Task instructions: With the pictures set aside, return the lines below exactly, beginning at the first and ending at the line containing "資料圖片:2月20日,一列高速動車組正快速駛離鐵路上海虹橋站。新華社記者 陳飛 攝".

Information provided:

━━━━━━━━━━━━━━━━━━━━━━━━━━━━━━

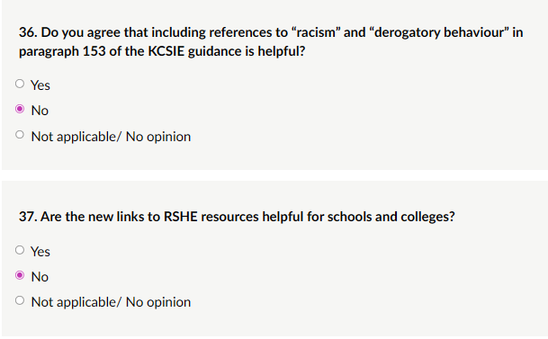 My response: “KCSIE must explicitly prohibit all forms of social transition in schools/colleges; no name/pronoun changes, no “identifying as” opposite sex, no stealth arrangements. This is essential to safeguard children from sex deception and ideological harm. Biological sex is immutable/binary (Equality Act 2010, Supreme Court rulings). Allowing any transition contradicts Cass Review evidence: social transition is non-neutral/active intervention and risks (e.g., increased medicalisation pre-puberty, stealth vulnerabilities, puberty anxiety). It can normalise mutable sex myths, confuse peers, enable bullying, and misdirect support from real issues (trauma, neurodiversity). Add mandatory: Zero school-facilitated transition; affirm biological sex only. Immediate parental notification of concerns (unless greater harm risk). Clinical referral without school involvement in identity affirmation. Explicit ban on any facility/sports exceptions that compromise single-sex rules. This protects all children’s welfare, privacy, and reality-based development, prioritising evidence over ideology. Current flexibility risks harm, no child should be forced to lie, remove the above for true safeguarding.”
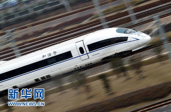 資料圖片:2月20日,一列高速動車組正快速駛離鐵路上海虹橋站。新華社記者 陳飛 攝
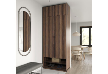 - Наповнення корпусу: наявність штанги та полиць дозволяє зручно організувати зберігання одягу та аксесуарів, що робить цю шафу функціональною та практичною.

━━━━━━━━━━━━━━━━━━━━━━━━━━━━━━

Answer space:
 My response: “KCSIE must explicitly prohibit all forms of social transition in schools/colleges; no name/pronoun changes, no “identifying as” opposite sex, no stealth arrangements. This is essential to safeguard children from sex deception and ideological harm. Biological sex is immutable/binary (Equality Act 2010, Supreme Court rulings). Allowing any transition contradicts Cass Review evidence: social transition is non-neutral/active intervention and risks (e.g., increased medicalisation pre-puberty, stealth vulnerabilities, puberty anxiety). It can normalise mutable sex myths, confuse peers, enable bullying, and misdirect support from real issues (trauma, neurodiversity). Add mandatory: Zero school-facilitated transition; affirm biological sex only. Immediate parental notification of concerns (unless greater harm risk). Clinical referral without school involvement in identity affirmation. Explicit ban on any facility/sports exceptions that compromise single-sex rules. This protects all children’s welfare, privacy, and reality-based development, prioritising evidence over ideology. Current flexibility risks harm, no child should be forced to lie, remove the above for true safeguarding.”
 資料圖片:2月20日,一列高速動車組正快速駛離鐵路上海虹橋站。新華社記者 陳飛 攝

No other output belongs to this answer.